I wish to reaffirm government’s commitment to this unique scheme. It is one of the many success stories of government’s effort to reduce graduate unemployment. It is pertinent to let you know that many graduates are well prepared for this experience. This is because there are many that have proved themselves worthy and have already been employed. Others have yet to establish their own businesses, they have secured financial facilities and have moved on.”

With these words the Project Director of the Graduate Internship Scheme (GIS), Mr. Peter Papka underscored the relevance of the programme to reducing graduate unemployment in the country. Papka, who recently spoke at a Career Development and Entrepreneurship training for 2015 batch of the interns in Uyo, Akwa Ibom State through the agency’s Chief Operation Officer, Mr. Kefas Hosea, had denied speculations that the scheme had been scrapped. He had noted that the stoppage of SURE-P, which was the schemes parent body, did not affect it.

Papka’s assurance came as a relief to thousands of the interns who had already enrolled into the programme who were already worried that the programme might go the way of SURE-P as President Muhammadu Buhari’s administration settles down to governance. With Papka’s revelation that the Federal Government does not intend to scrap the scheme, what worries the interns now is that while some beneficiaries “have secured financial facilities and have moved on” as confirmed by Papka, there are thousands of others who have a clear vision of what to do but have funds to take off.

In Benue State for instance, beneficiaries of the scheme have cried out to President Buhari to provide them with funds to enable them start their own businesses.

Some of the 95 exiting interns, who made the appeal while charting with The Guardian at a three-day passing out workshop held at Green Belt Hotel, Makurdi, recently, also urged the federal and state governments to, in the alternative, explore possibilities of engaging them permanently into the service rather than pushing them back into the labour market.

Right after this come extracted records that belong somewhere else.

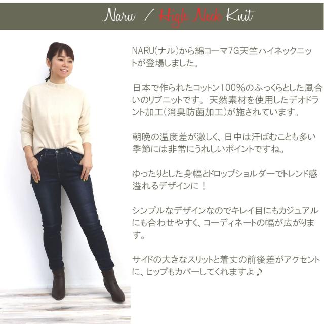 ナル NARU 綿コーマ7G天竺ハイネックニット 638611 トップス レディース セーター カットソー ハイネック ドロップショルダー 日本製 綿 南出メリヤス 秋 冬 シンプル 無地 消臭 防菌 おしゃれ アーベン 普段使い 実用的 2026年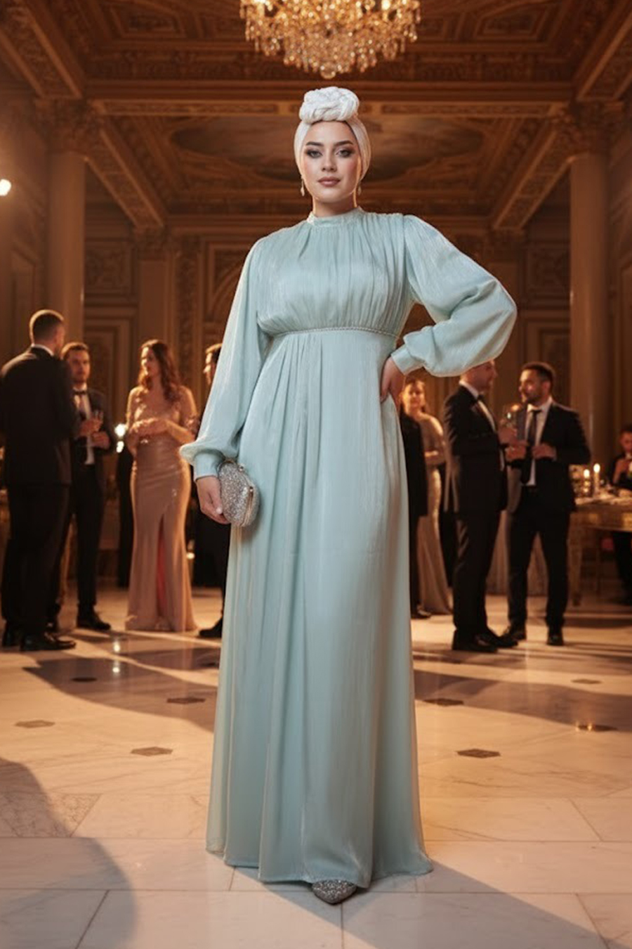 Ürün Özelliği:Dik yaka, uzun kollu, balon kol, manşetli, drape detaylı, beli boncuk detaylı, arka ortadan fermuarlı ve astarlıdır.
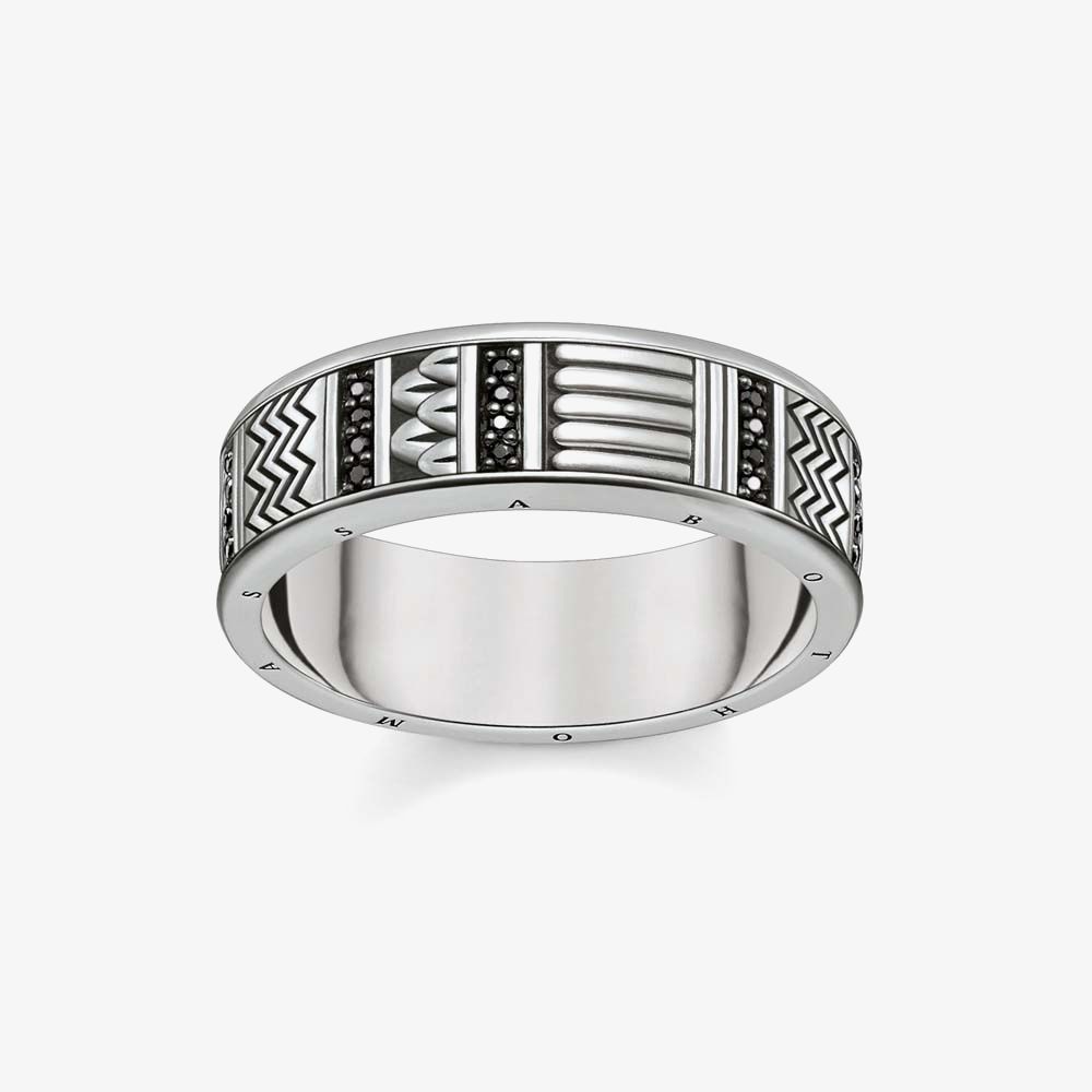 Adorn your outfit with this contrasting light and dark hieroglyphic display from THOMAS SABO. The ring is crafted from a wide sterling silver band which also incorporates the THOMAS SABO engraving and tiny black cubic zirconia stones for extra detailing.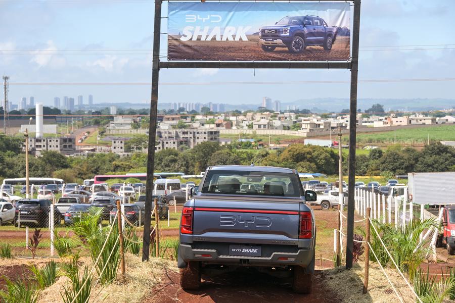 A BYD pickup truck conducts an off-road demonstration at an agricultural technology expo held in Sao Paulo, Brazil, April 29, 2025. (Xinhua/Chen Haoquan)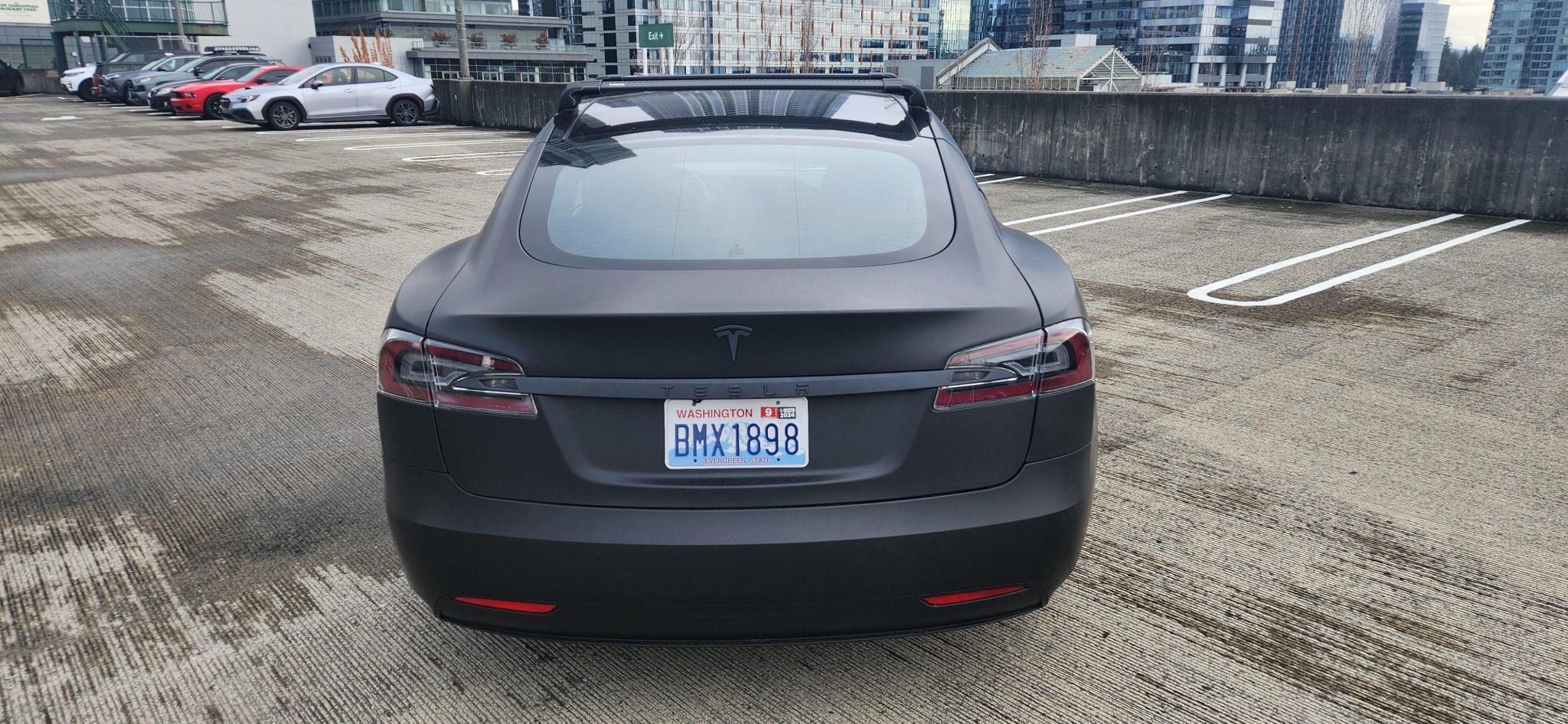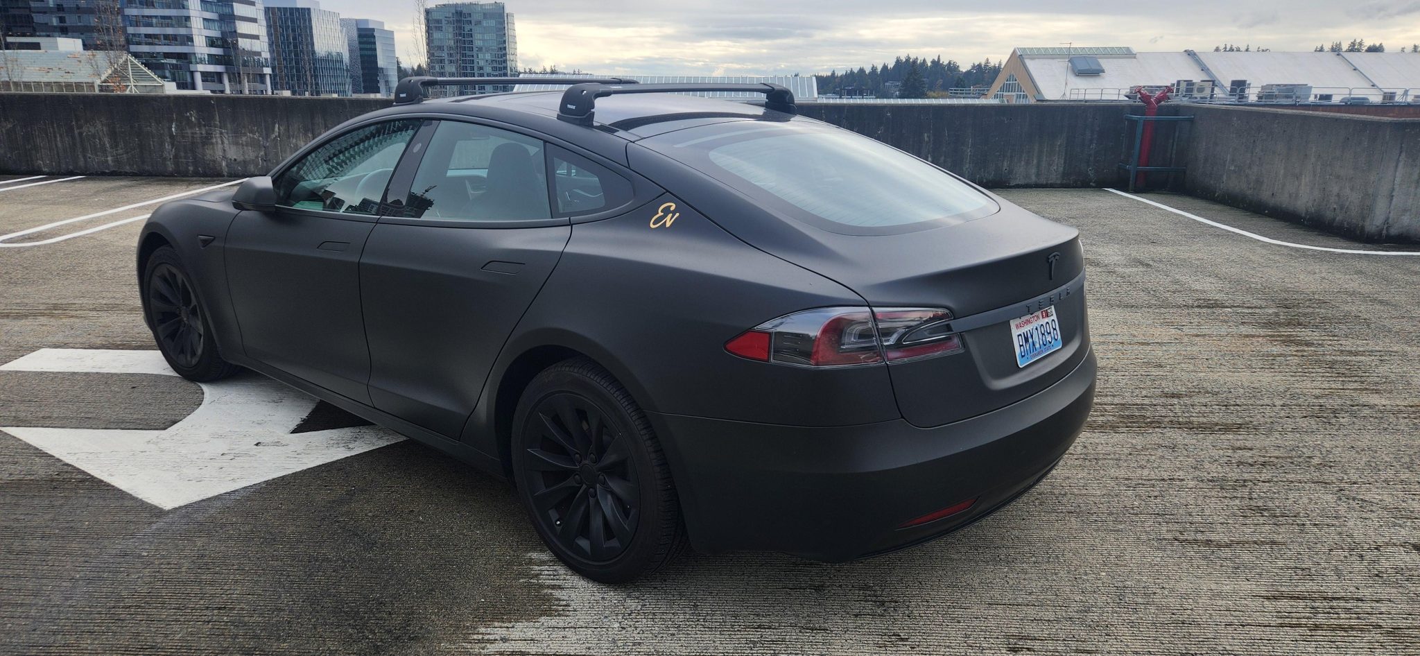 Slipstream 19″ alloy wheels have been finished in black and show curb rash. The selling dealer notes that the air suspension was repaired in preparation for the sale. Braking is handled by a regenerative braking system as well as four-piston aluminum calipers over vented discs at all four corners.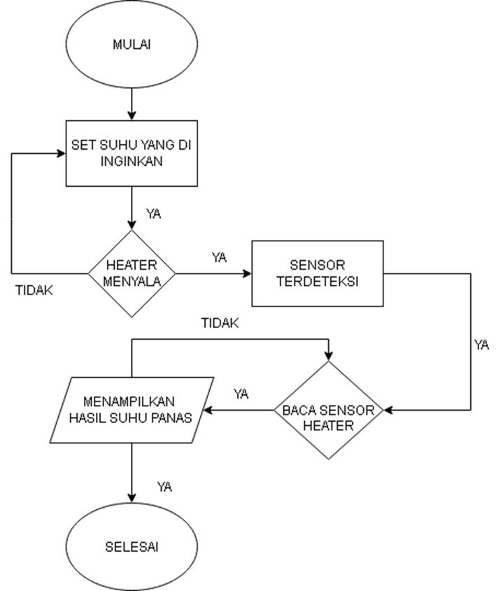 Gambar 2.4 monitoring sensor suhu dengan mealkukan set suhu yang diinginkan kemudian heater menyala, sensor heater terdeteksi lalu terbaca oleh sensor dan menampilkan suhu panas.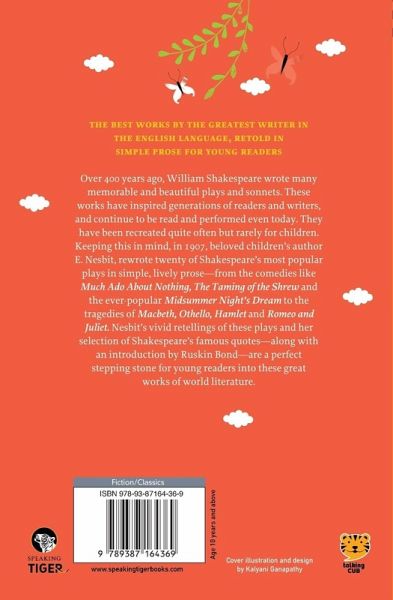 The best works by the greatest writer in the English language, retold in simple prose for young readers. Over 400 years ago, William Shakespeare wrote many memorable and beautiful plays and sonnets. These works have inspired generations of readers and writers, and continue to be read and performed even today. They have been recreated quite often but rarely for children. Keeping this in mind, in 1907, beloved children's author E. Nesbit, rewrote twenty of Shakespeare's most popular plays in simple, lively prose-from the comedies like Much Ado About Nothing, The Taming of the Shrew and the ever-popular Midsummer Night's Dream to the tragedies of Macbeth, Othello, Hamlet and Romeo and Juliet. Nesbit's vivid retellings of these plays and her selection of Shakespeare's famous quotes-along with an introduction by Ruskin Bond-are a perfect stepping stone for young readers into these great works of world literature.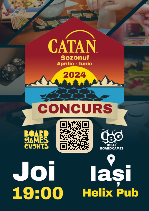 Acest eveniment face parte din sezonul Aprilie-Iunie 2024, la finalul căruia vom face un total general al punctelor acumulate în toate participările la competițiile amicale de Catan, iar jucătorul cu cele mai multe astfel de puncte va primi un joc din partea Ideal Board Games. Vom premia persoana care vine la cele mai multe evenimente marca Board Games Events de orice fel în aceste 3 luni. *Obligatorie deținerea unui cont pe aplicația https://boardgamesevents.com, cu care să participați la aceste evenimente.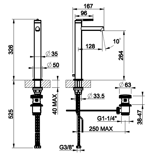 • Высота смесителя: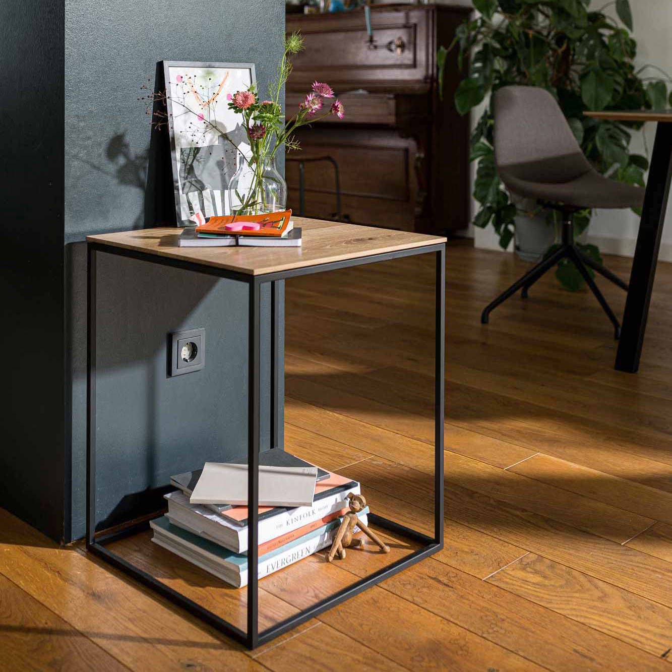 Beistelltisch AMAT vereint ein filigranes Metallgestell mit hochwertigem Massivholz zu einem praktischen Wohnbegleiter. Ob als nützliche Ablage neben dem Sofa oder als puristischer Nachttisch – die geometrische Formgebung machen den Design-Beistelltisch zu einem vielseitigen Gestaltungselement.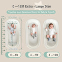 • XL Spacious dimensions: The internal dimensions are approximately 32.5 inches in length and about 34 inches in width, while the external dimensions are 38.2 inches in length and roughly 18 inches in width. The XL size can meet the needs of 97% of infants before the age of 1. It is 4 - 5 inches longer and 3 inches wider than traditional baby baskets, allowing for an extra 2 months of use.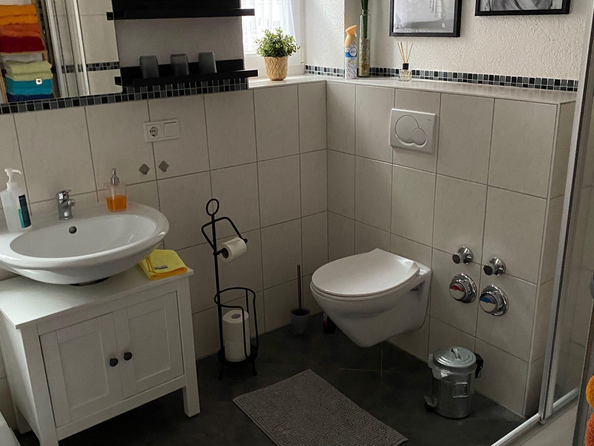 Badezimmer ist mit einer Dusche, WC und Waschbecken ausgestattet.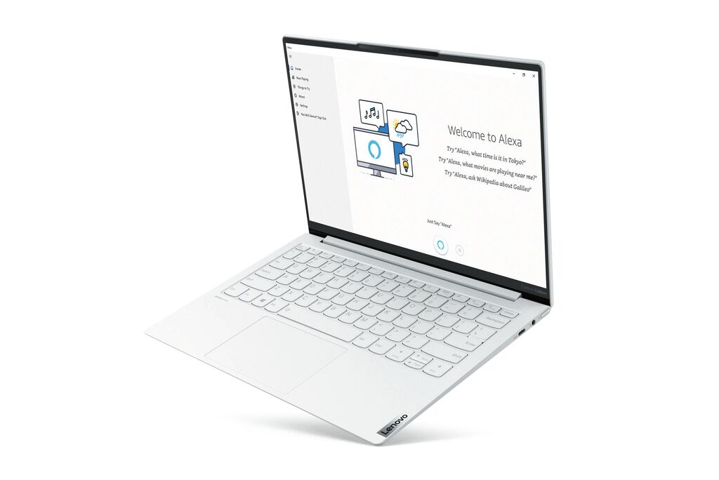 The 13” Yoga Slim 7i Carbon laptop is characterised by a very slim chassis and a weight of only 990 grams. To achieve this, the cover was fashioned from carbon and the body from an aluminium-magnesium alloy. The pearl-white finish offers a silky feel and gives the laptop an exclusive look. Thanks to the built-in Dolby speakers and the infrared camera, the device is also well suited for multimedia applications and video conferencing.

Speaking with The Guardian, one of the beneficiaries, Yongo Janet Iveren, a graduate of Micro Biology, said she served with Pleasure Travels Ltd in its production department and was able to broaden her knowledge of the production of poultry feeds as well as baking within the period.

She noted that if not for lack of initial capital, she would have loved to start her own feeds bakery and be self-reliant.

Yongo lauded the Federal Ministry of Finance for sponsoring graduates on the programme, saying the experience was quite encouraging to them.

She further urged the government to sustain the programme in order to make emerging graduates more versatile.

Also, Mr. Nachi Nathaniel, a graduate of Animal Production from Federal University of Agriculture, Makurdi, who said he did the mandatory 12 months training under Oracle Business Ltd, said he learnt much through the scheme as he was trained on how to use feed milling machines to produce livestock feeds.

Nachi said he intends to own his big miller machine and set up a big animal feeds industry and farm but complained of lack of starting capital.

According Nachi, most if not all of them that received the 12 months training have the zeal to become employers of labour but are hampered by lack of capital to start their own ventures.

“We would love to start our own businesses but we don’t have collateral to obtain loans from the banks and so, we want government to intervene in this regard,” he stated.

Another stakeholder and a parent to one of the interns who simply identified himself to The Guardian as Mr. Orduen Peters implored both the state and federal governments to put heads together to find a way of integrating the exiting interns into the public service rather than pushing them back into the already over-stretched labour market.

With these calls for financial assistance from the beneficiaries, analysts believe that as laudable as the scheme is, the Federal Government should take it a step further by providing start-up funds to deserving beneficiaries.